EU reiterates US Inflation Reduction Act is discriminatory

The European Union (EU) still believes President Joe Biden’s Inflation Reduction Act (IRA) discriminates against companies in the bloc, its top trade representative said Thursday, adding that they were currently focused on a negotiated solution.

On the other hand, Laurence Boone – France’s minister of state for Europe – in Davos described the Biden administration as a wake-up call to Europe. The statement comes as France has led the criticism of the IRA from the very beginning, with President Emmanuel Macron once describing the IRA as “super aggressive” toward European companies.

EU Trade Commissioner Valdis Dombrovskis, however, said the bloc was the EU was engaged in ongoing negotiations with US officials that had allayed only some of their concerns so far.

“Our concerns are the discriminatory measures in [the] US Inflation Reduction Act, which is discriminating against EU companies,” he said in an interview with the CNBC at the World Economic Forum in Davos, Switzerland.
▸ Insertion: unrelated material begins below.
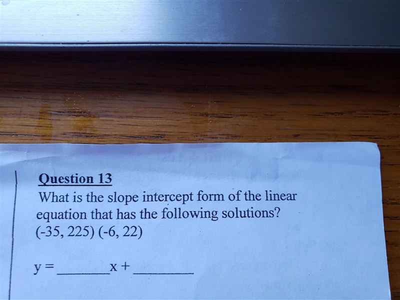 First, find the slope,m, y2-y1/x2-x1. Once you find the slope, find the y-intercept, b. To find b, plug in the slope and x and y. The slope intercept form is: y=-7x-20

“We think we should be addressing the climate change and green transition jointly, building transatlantic value chains, not breaking them apart.”

When asked about any risk of the dispute escalating into a trade war, Dombrovskis said, “Currently we are focusing on negotiated solutions, we are reaching out to US authorities at different levels.”

He said, “We have a dedicated EU-U.S. task force which continues its work. We have made some progress, some of our concerns are being addressed, but there are still concerns which need to be addressed.”

On what the EU’s response would be if it was not satisfied with the outcome of negotiations, Dombrovskis said now was “not about sabre rattling”.

He added the bloc was working on its broader economic policy response to competitiveness issues given the challenges of high energy prices and the war in Ukraine, as well as the IRA. “That is set to include a review of existing EU subsidies and funds and whether they are being used most effectively.”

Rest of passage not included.